Task prompt: Each record below is to be output unchanged, and any picture is to be dropped.

Extracted data:
%%

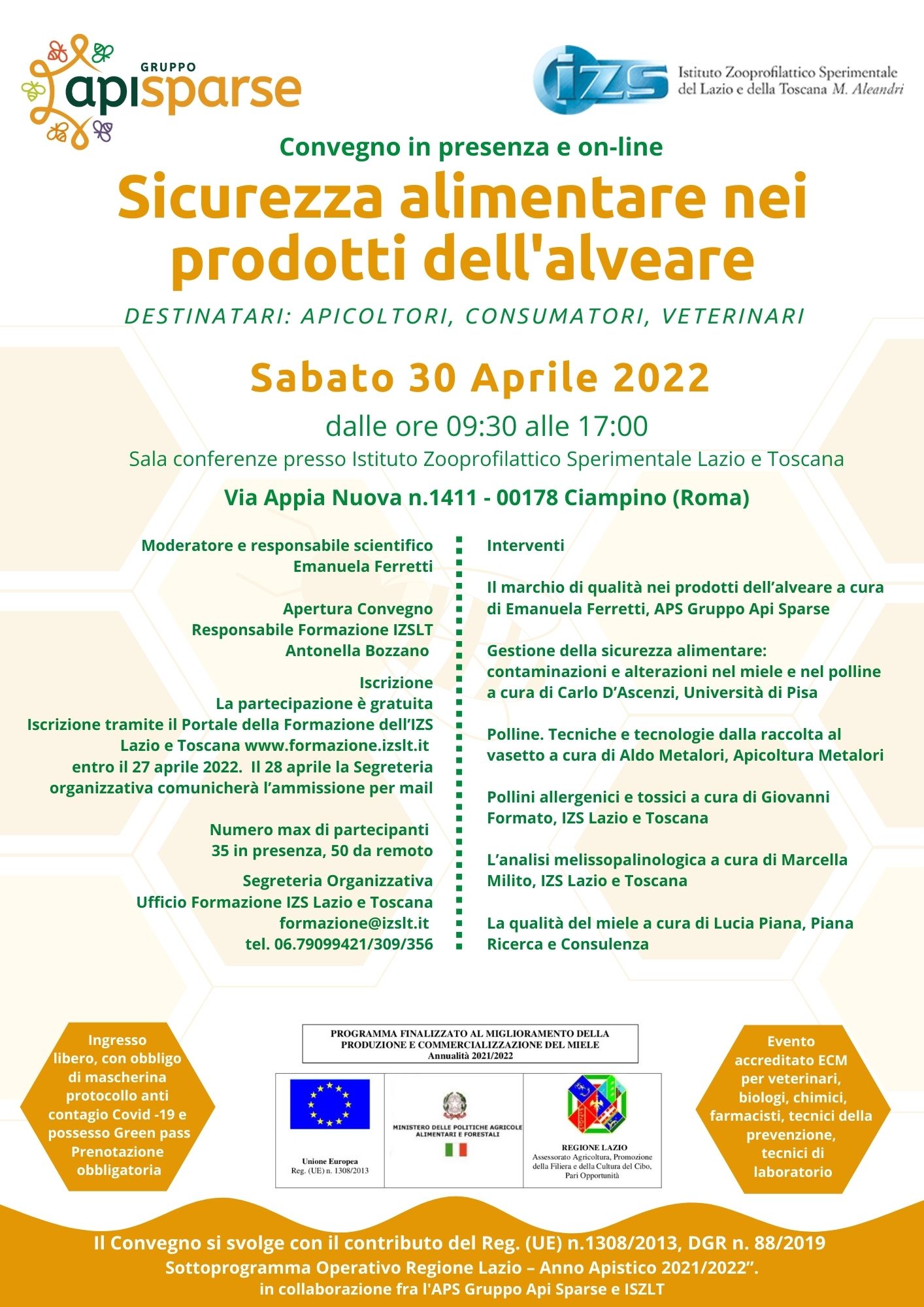 Organizzazione: IZS Lazio e Toscana e Gruppo Api Sparse.
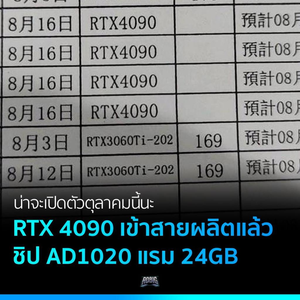 เอกสารข้อมูลภายในจากโรงงาน OEM ผู้ผลิตการ์ดจอ NVIDIA GeForce RTX 4090 หลุดข้อมูลเริ่มเดินสายการผลิตแล้วตั้งแต่วันที่ 16 สิงหาคม ที่ผ่านมา
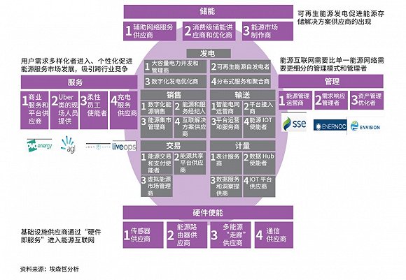 除了傳統的電力發、輸、配、售、調度外,能源互聯網中還出現了六類新玩家:交易、表記數據應用、能源服務、能源管理、能源存儲、使能技術。即使是傳統價值鏈中的角色,也細分出了數字化發電優化供應商、分布式能源服務商和能源聚合商等新角色。
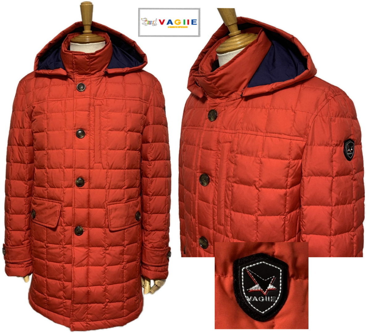 > VAGIIE バジエ キルティング ワンポイント刺しゅうワッペン ダウンコート 赤 フード取り外し可 size48 L
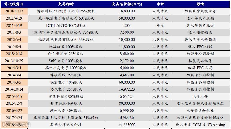 公司从线束代工和组装起步,逐步发展成为国内连接器行业的龙头企业。2010年公司登陆A股市场,借助资本市场通过不断的外延并购拓展能力边界。2010年通过收购江西博硕,完善了线束加工能力;2011年收购昆山联滔,成为苹果内部线束主力供应商,切入了苹果产业链;收购科尔通和台湾宣德,进入通信行业,与华为、艾默生等通信巨头建立紧密合作关系;2012年收购珠海双赢,切入FPC领域;2014年收购苏州丰岛,进入可穿戴领域;2016年收购苏州美特,成为苹果声学供应商,17年继续收购惠州美律,切入国内声学模组供应链。
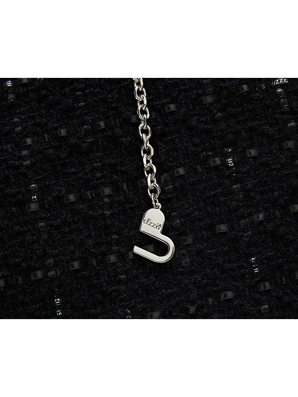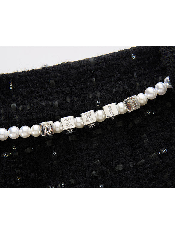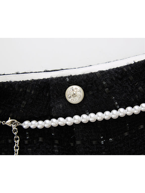 パールベルトがついたツイードのハーフパンツ。クラシカルなツイード素材をつかってカジュアルなハーフパンツをデザインしたミックスアイテム。

%%

Answer to the exercise:
 Organizzazione: IZS Lazio e Toscana e Gruppo Api Sparse.
 เอกสารข้อมูลภายในจากโรงงาน OEM ผู้ผลิตการ์ดจอ NVIDIA GeForce RTX 4090 หลุดข้อมูลเริ่มเดินสายการผลิตแล้วตั้งแต่วันที่ 16 สิงหาคม ที่ผ่านมา
 除了傳統的電力發、輸、配、售、調度外,能源互聯網中還出現了六類新玩家:交易、表記數據應用、能源服務、能源管理、能源存儲、使能技術。即使是傳統價值鏈中的角色,也細分出了數字化發電優化供應商、分布式能源服務商和能源聚合商等新角色。
 > VAGIIE バジエ キルティング ワンポイント刺しゅうワッペン ダウンコート 赤 フード取り外し可 size48 L
 公司从线束代工和组装起步,逐步发展成为国内连接器行业的龙头企业。2010年公司登陆A股市场,借助资本市场通过不断的外延并购拓展能力边界。2010年通过收购江西博硕,完善了线束加工能力;2011年收购昆山联滔,成为苹果内部线束主力供应商,切入了苹果产业链;收购科尔通和台湾宣德,进入通信行业,与华为、艾默生等通信巨头建立紧密合作关系;2012年收购珠海双赢,切入FPC领域;2014年收购苏州丰岛,进入可穿戴领域;2016年收购苏州美特,成为苹果声学供应商,17年继续收购惠州美律,切入国内声学模组供应链。
 パールベルトがついたツイードのハーフパンツ。クラシカルなツイード素材をつかってカジュアルなハーフパンツをデザインしたミックスアイテム。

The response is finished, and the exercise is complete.